───── MATERIAL SHOWN ─────
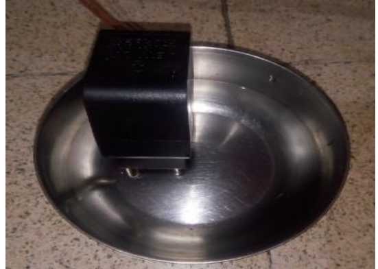
Figure 3.11 Measurement of Conductivity Sensor

Electrical conductivity is also an indicator of water quality. It measures free chlorine without sample pretreatment. It does not have messy and expensive reagents needed. Conductivity data can detect contaminants, determine the concentration of solutions and determine the purity of water. It is Compact in size. Conductivity sensor measures conductivity by AC voltage applied to nickel electrodes. These electrodes are placed in a water sample and reading is obtained.
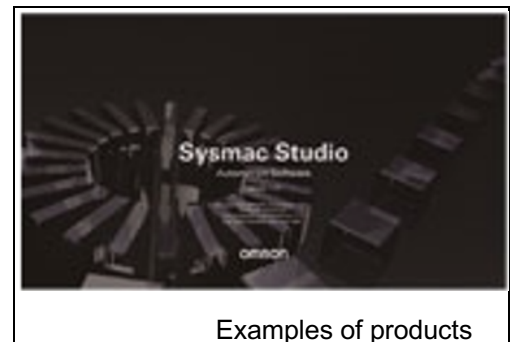
Examples of products

Model SYSMAC-□□□□□L, SYSMAC-RA401L, SYSMAC-SA4□□L-64, SYSMAC-SE2□□L, SYSMAC-TA4□□L, 3G8F7-CRM21, CXONE-□□□□D-V4(-UP), NS-NSDC1-V6(S), NS-NSRCL□□, NT-ZJCMX1-V4, WS02-CFSC1-J(-UP) VER2, WS02-CFSC1-JL□□ VER2, WS02-CFSC1-JV3(-UP), WS02-CFSC1-JV3L□□(-UP), WS02-CPLC□(-□□□), WS02-DRVC1, WS02-EDMC1(-V2L05), WS02-G9SP□□-V□, WS02-OPCC1-J(L10), WS02-SGWC1(□□□□), WS02-SPTC1-V2 < Refer to the "[ Details of applicable model ]" . >
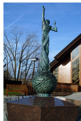
Cleveland War Memorial
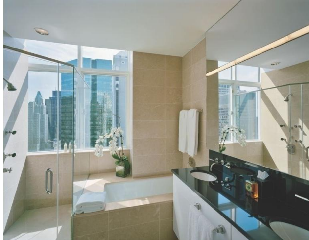
Even the bathroom has a great view.
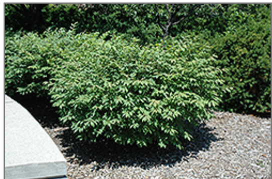
Fire Ball Burning Bush
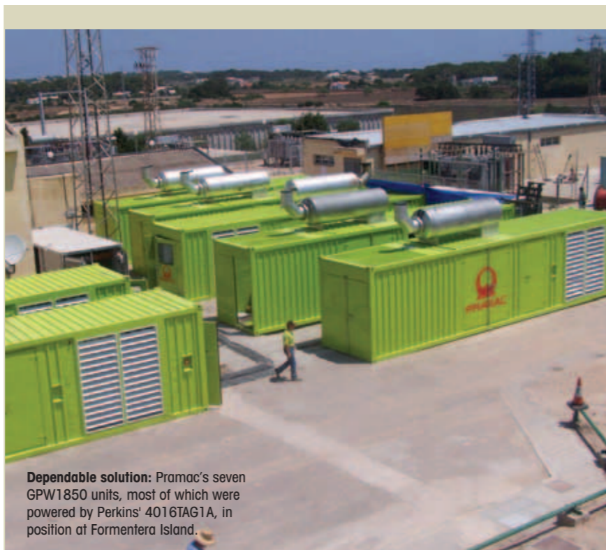
Dependable solution: Pramac's seven GPW1850 units, most of which were powered by Perkins' 4016TAG1A, in position at Formentera Island.
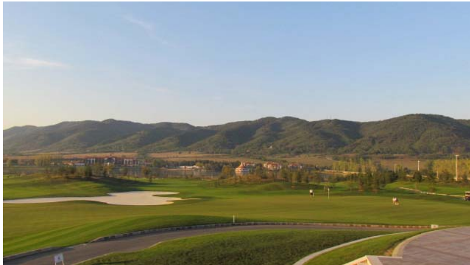
View from the terrace towards the double green 9 and 18th
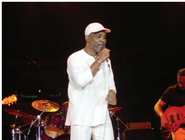
Frankie Beverly (2002).
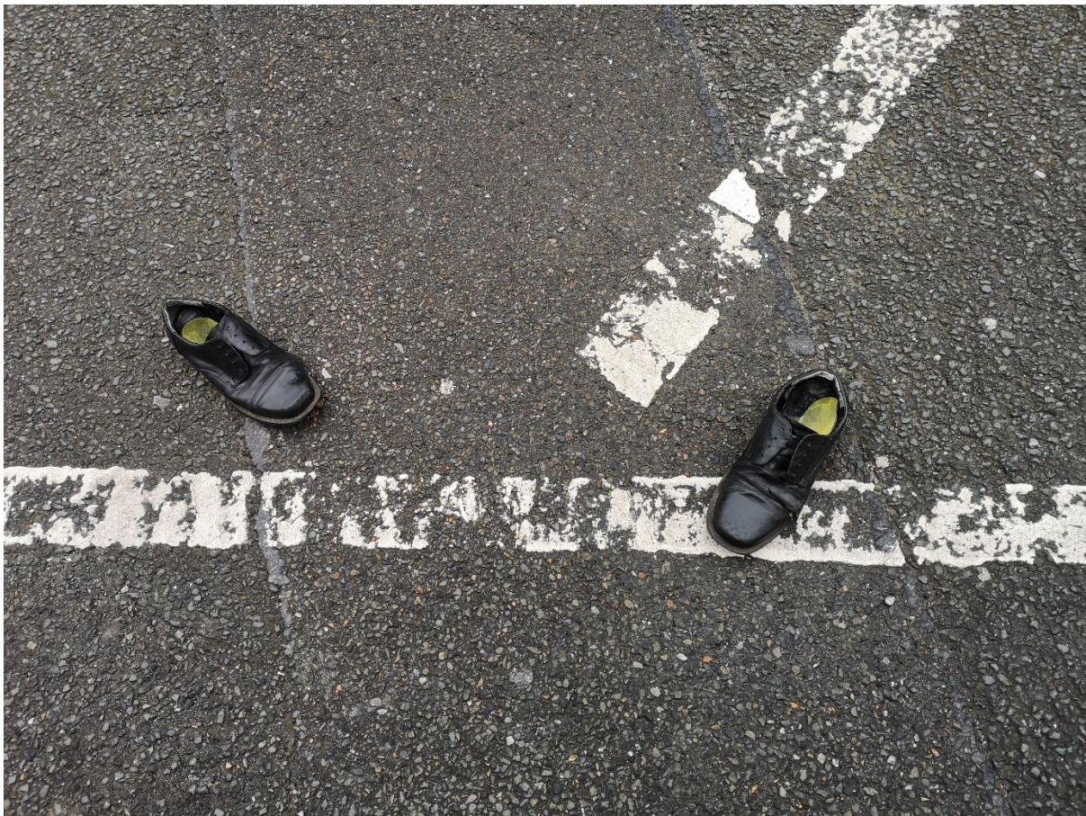
Figure 13: Two lost souls

The terrible scar on his side where his kidney was removed. His huge ribcage. Black curly hair. High forehead like my dad's. Peanut they used to call him. And worse. The nearest our tiny white village had to a person of colour. The eldest boy by default. Never able to take the place of the blue-eyed boy who had come first and been lost. Sickly as a baby. Uncoordinated. Bad at sport. Terrible teeth dragged into line by monstrous braces. Nose bleeds so bad there would be blood up the walls. Lonely. Bullied. Lying in the dark listening to Pink Floyd.
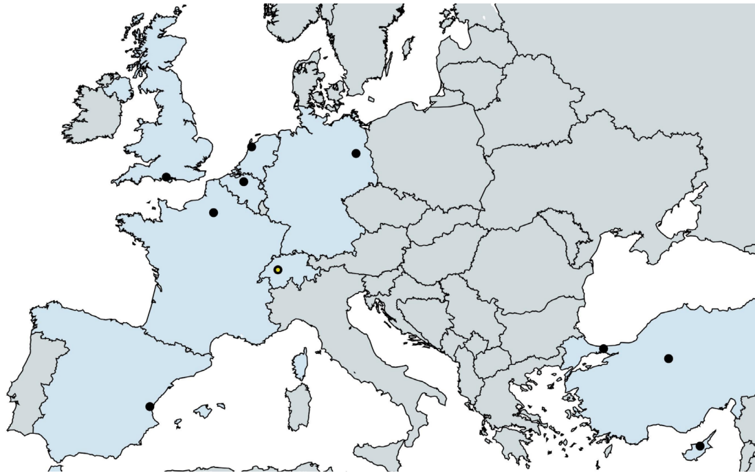
Figure 1 Centres currently participating to the EPIC-PCD cohort study. The EPIC-PCD clinics are marked with a black dot and the EPIC-PCD data centre with a yellow dot. EPIC-PCD, ear–nose–throat prospective international cohort of patients with primary ciliary dyskinesia.

be small variations in recruitment and data collection between participating centres to allow the study to be embedded in the regular clinical routine.
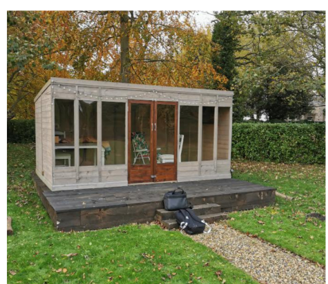
Existing summer house to be removed & replaced
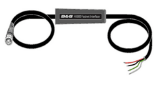
H5000 Fastnet interface The H5000 Fastnet Interface provides a B&G supported solution for customers wishing to progressively upgrade H3000 systems and/or replace displays on an H3000 system with the latest H5000 Graphic displays.
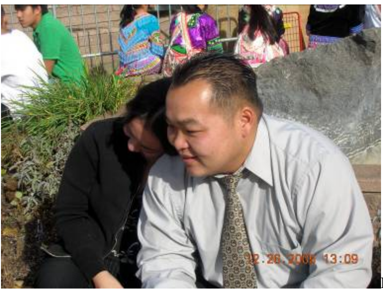
Behind no one's back.
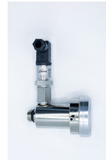
WatchGas SST-Dock D.F. Regulator w/ Pressure Sensor PN: SST-DFRPSV
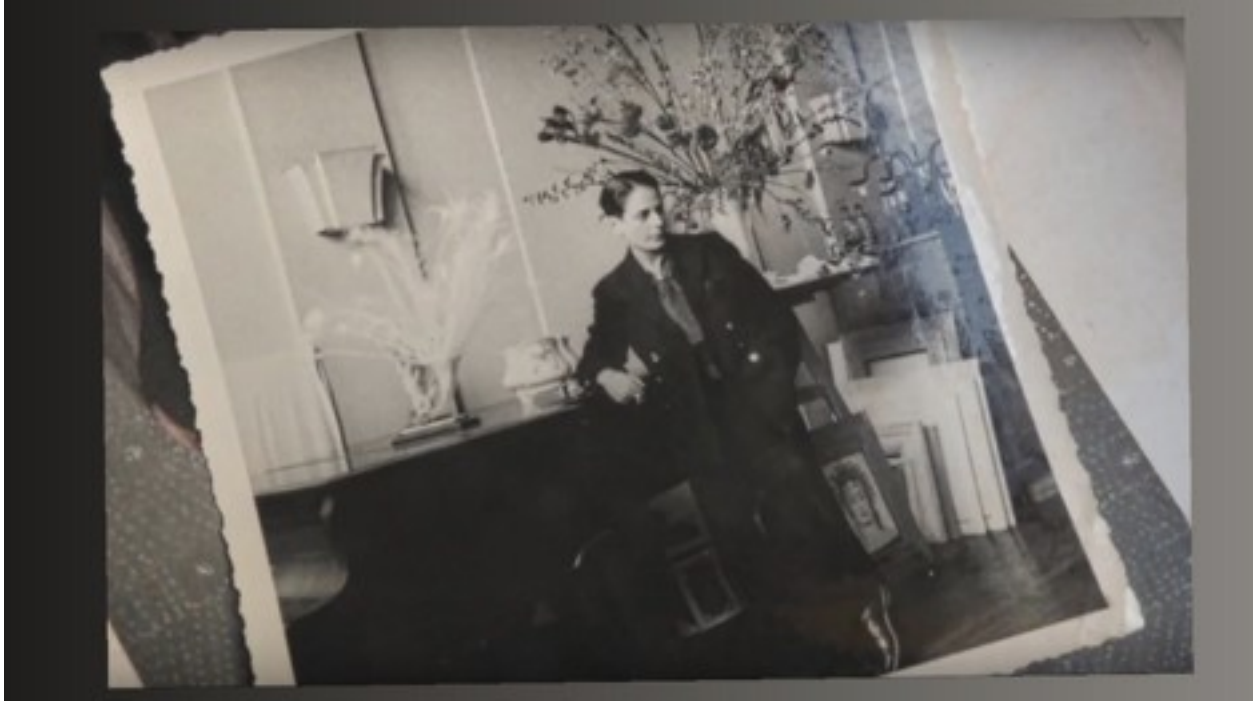
Figure 14. Gluck in the studio at Bolton House, c. 1937. Gluck: Who Did She Think He Was? , directed by Clare Beaven (UK: BBC Arts Production, 2017).
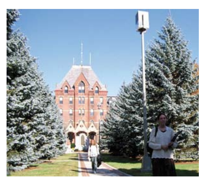
Dean College campus

Students booked in a homestay should go directly to their homestay. Students booked for the dormitory should arrive at Dean College Public Safety to check in. Public Safety is located in the lower level of Dean Hall.
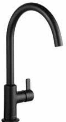
KLUDI BINGO STAR XS Swivel Matt Black H 1 340 H 2 230 A 200 Ø 36 DN Rating - 15 Min Pressure 1.0 Bar
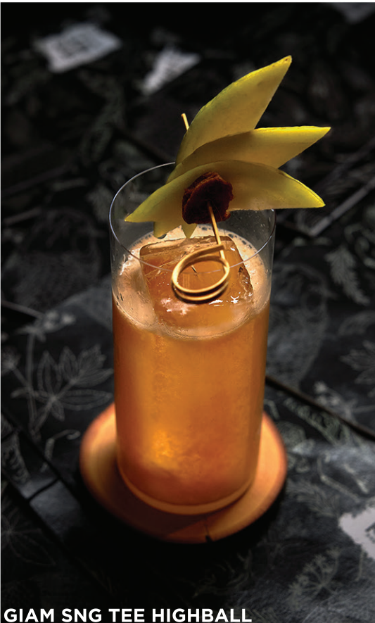
GIAM SNG TEE HIGHBALL
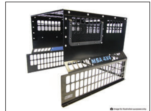
FRIDGE BARRIER MODEL / DROP SLIDE FBDS45N
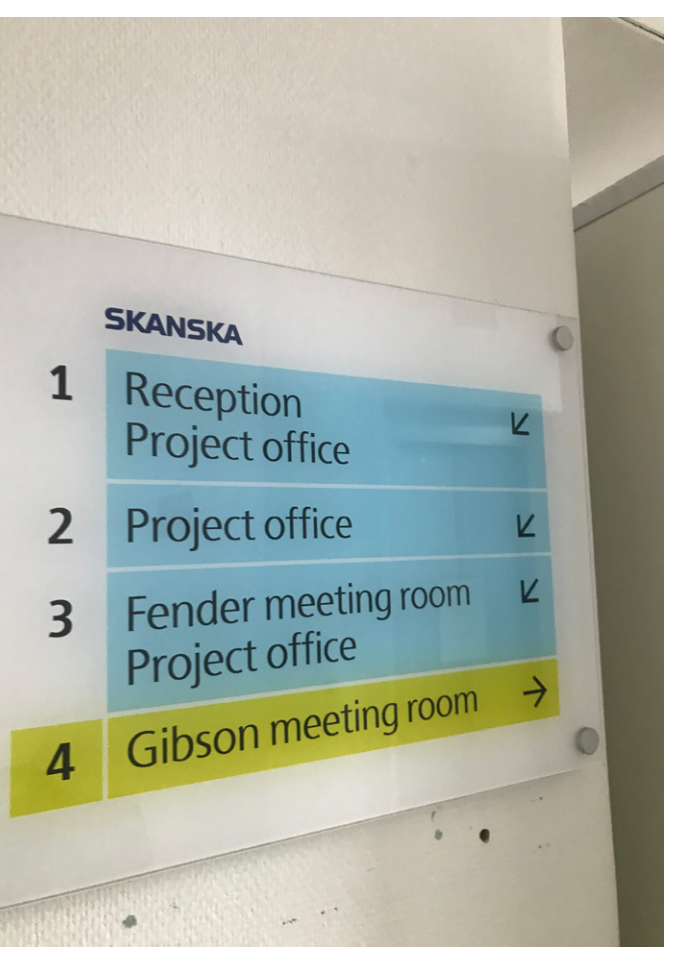
Figure 2 Floor Description

There is an existing lift serving all floors. Condition and service history TBC.
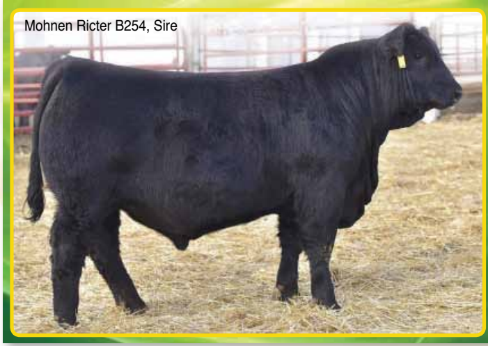
Mohnen Rictor B254, Sire
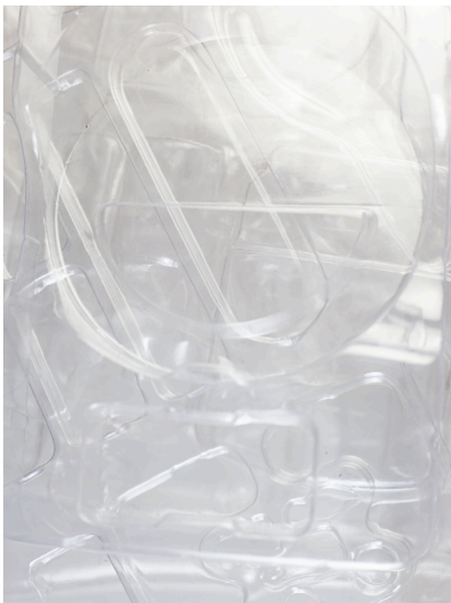
Plastics 9594 (Surplus)
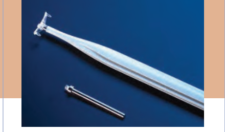
Each ENDOTINE TransBleph comes preloaded, ready for immediate placement.
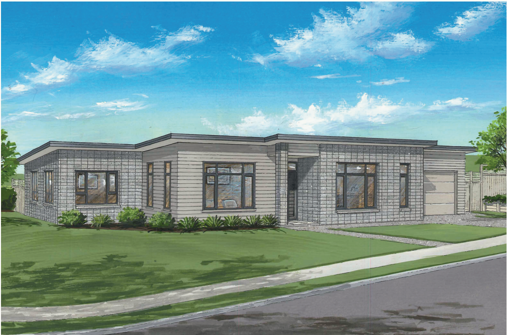
Artists impression, minor changes may occur

Easy indoor/ outdoor flow draw you to a north facing private patio where you can enjoy a summer barbeque with family and friends.
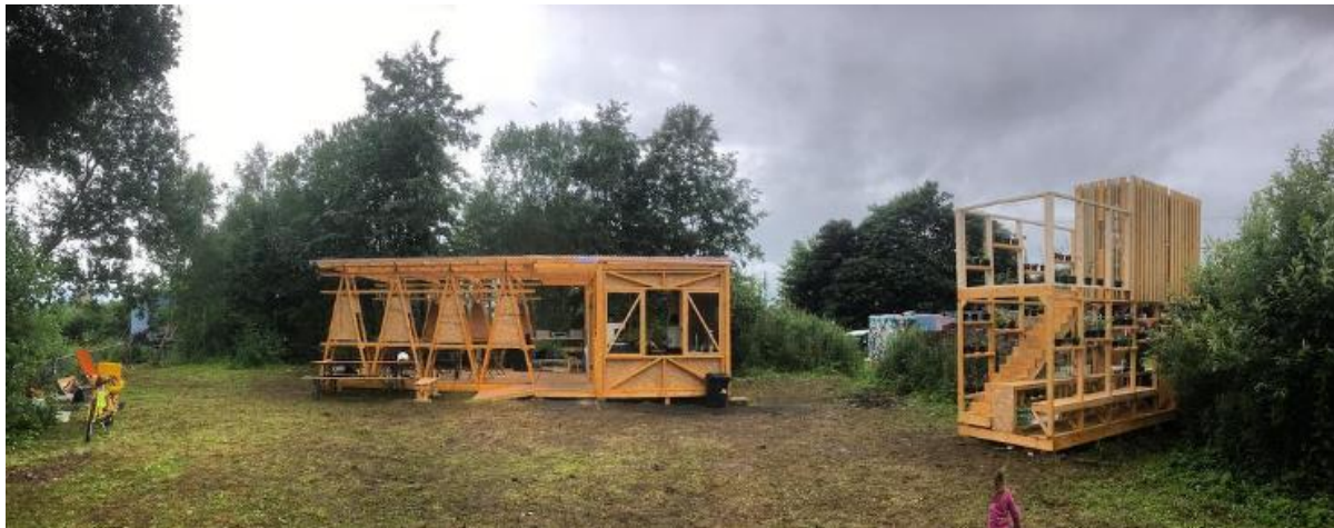
Figure 1: Test Unit, showing main pavilion (left) and 'The Nettle Inn' (right) under construction.

The Test Unit summer school had a discrete agenda: it wanted to supply an antidote to the customary participatory processes of talking, charrettes and oral consultations which had been applied to the site, but which had resulted in little actual improvement and a weariness and wariness amongst participating groups. Test Unit instead instigated the prototyping of physical things, small pavilions and installations designed and made by the participants with direction by Baxendale and other experts, as mechanisms for exploring the potential of the site as a discrete physical and social space, as a potential locus for urban creativity and as a setting for broader discussions about the nature and potential of urban renewal.
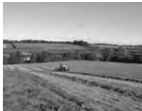
Rural, farms & estates
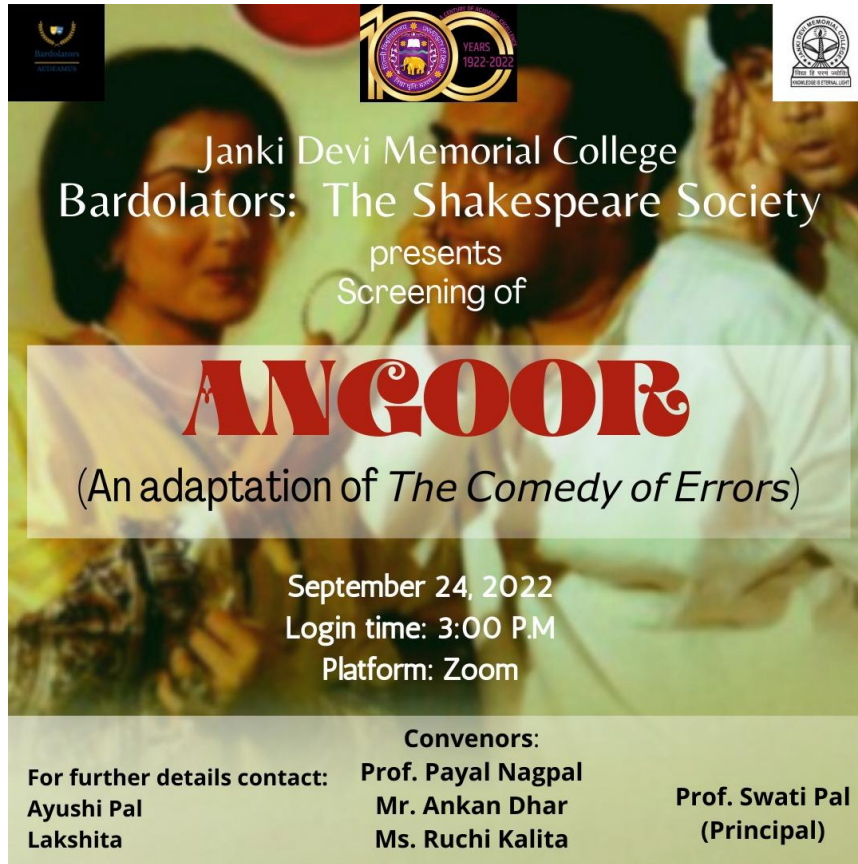
Poster for the Screening of Angoor held on 24 September 2022
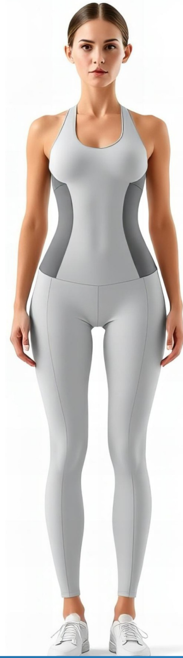
TRACKSUIT | WA_027
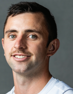
ALPINE, UTAH LONE PEAK HS

2018-19 SEASON — PPG: 5.8 RPG: 1.5 APG: 1.5 BPG: 0.0 SPG: 0.9 FG%: .380 3FG%: .323 FT%: .769
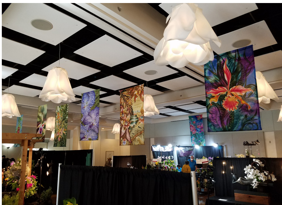
At right: View of Day Hall during the show last month, brilliantly decorated with silk banners painted by Julie Jennings

Oglethorpe Presbyterian Church is located at 3016 Lanier Dr., NE, Brookhaven, GA 30319, one block off Peachtree Road behind Oglethorpe University at the corner of Lanier Drive and Woodrow Way. The main entrance is found via the parking lot behind the church. The upper lot (off Lanier Drive) provides the easiest access to the main entrance.
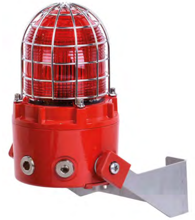
D1xB2 beacons - bracket mounting allows beacon to be rotated in any orientation
─────
Exact copies of all the entries are needed; output them without the pictures.

▶ _EXERCISE RESPONSE_
Figure 3.11 Measurement of Conductivity Sensor

Electrical conductivity is also an indicator of water quality. It measures free chlorine without sample pretreatment. It does not have messy and expensive reagents needed. Conductivity data can detect contaminants, determine the concentration of solutions and determine the purity of water. It is Compact in size. Conductivity sensor measures conductivity by AC voltage applied to nickel electrodes. These electrodes are placed in a water sample and reading is obtained.
Examples of products

Model SYSMAC-□□□□□L, SYSMAC-RA401L, SYSMAC-SA4□□L-64, SYSMAC-SE2□□L, SYSMAC-TA4□□L, 3G8F7-CRM21, CXONE-□□□□D-V4(-UP), NS-NSDC1-V6(S), NS-NSRCL□□, NT-ZJCMX1-V4, WS02-CFSC1-J(-UP) VER2, WS02-CFSC1-JL□□ VER2, WS02-CFSC1-JV3(-UP), WS02-CFSC1-JV3L□□(-UP), WS02-CPLC□(-□□□), WS02-DRVC1, WS02-EDMC1(-V2L05), WS02-G9SP□□-V□, WS02-OPCC1-J(L10), WS02-SGWC1(□□□□), WS02-SPTC1-V2 < Refer to the "[ Details of applicable model ]" . >
Cleveland War Memorial
Even the bathroom has a great view.
Fire Ball Burning Bush
Dependable solution: Pramac's seven GPW1850 units, most of which were powered by Perkins' 4016TAG1A, in position at Formentera Island.
View from the terrace towards the double green 9 and 18th
Frankie Beverly (2002).
Figure 13: Two lost souls

The terrible scar on his side where his kidney was removed. His huge ribcage. Black curly hair. High forehead like my dad's. Peanut they used to call him. And worse. The nearest our tiny white village had to a person of colour. The eldest boy by default. Never able to take the place of the blue-eyed boy who had come first and been lost. Sickly as a baby. Uncoordinated. Bad at sport. Terrible teeth dragged into line by monstrous braces. Nose bleeds so bad there would be blood up the walls. Lonely. Bullied. Lying in the dark listening to Pink Floyd.
Figure 1 Centres currently participating to the EPIC-PCD cohort study. The EPIC-PCD clinics are marked with a black dot and the EPIC-PCD data centre with a yellow dot. EPIC-PCD, ear–nose–throat prospective international cohort of patients with primary ciliary dyskinesia.

be small variations in recruitment and data collection between participating centres to allow the study to be embedded in the regular clinical routine.
Existing summer house to be removed & replaced
H5000 Fastnet interface The H5000 Fastnet Interface provides a B&G supported solution for customers wishing to progressively upgrade H3000 systems and/or replace displays on an H3000 system with the latest H5000 Graphic displays.
Behind no one's back.
WatchGas SST-Dock D.F. Regulator w/ Pressure Sensor PN: SST-DFRPSV
Figure 14. Gluck in the studio at Bolton House, c. 1937. Gluck: Who Did She Think He Was? , directed by Clare Beaven (UK: BBC Arts Production, 2017).
Dean College campus

Students booked in a homestay should go directly to their homestay. Students booked for the dormitory should arrive at Dean College Public Safety to check in. Public Safety is located in the lower level of Dean Hall.
KLUDI BINGO STAR XS Swivel Matt Black H 1 340 H 2 230 A 200 Ø 36 DN Rating - 15 Min Pressure 1.0 Bar
GIAM SNG TEE HIGHBALL
FRIDGE BARRIER MODEL / DROP SLIDE FBDS45N
Figure 2 Floor Description

There is an existing lift serving all floors. Condition and service history TBC.
Mohnen Rictor B254, Sire
Plastics 9594 (Surplus)
Each ENDOTINE TransBleph comes preloaded, ready for immediate placement.
Artists impression, minor changes may occur

Easy indoor/ outdoor flow draw you to a north facing private patio where you can enjoy a summer barbeque with family and friends.
Figure 1: Test Unit, showing main pavilion (left) and 'The Nettle Inn' (right) under construction.

The Test Unit summer school had a discrete agenda: it wanted to supply an antidote to the customary participatory processes of talking, charrettes and oral consultations which had been applied to the site, but which had resulted in little actual improvement and a weariness and wariness amongst participating groups. Test Unit instead instigated the prototyping of physical things, small pavilions and installations designed and made by the participants with direction by Baxendale and other experts, as mechanisms for exploring the potential of the site as a discrete physical and social space, as a potential locus for urban creativity and as a setting for broader discussions about the nature and potential of urban renewal.
Rural, farms & estates
Poster for the Screening of Angoor held on 24 September 2022
TRACKSUIT | WA_027
ALPINE, UTAH LONE PEAK HS

2018-19 SEASON — PPG: 5.8 RPG: 1.5 APG: 1.5 BPG: 0.0 SPG: 0.9 FG%: .380 3FG%: .323 FT%: .769
At right: View of Day Hall during the show last month, brilliantly decorated with silk banners painted by Julie Jennings

Oglethorpe Presbyterian Church is located at 3016 Lanier Dr., NE, Brookhaven, GA 30319, one block off Peachtree Road behind Oglethorpe University at the corner of Lanier Drive and Woodrow Way. The main entrance is found via the parking lot behind the church. The upper lot (off Lanier Drive) provides the easiest access to the main entrance.
D1xB2 beacons - bracket mounting allows beacon to be rotated in any orientation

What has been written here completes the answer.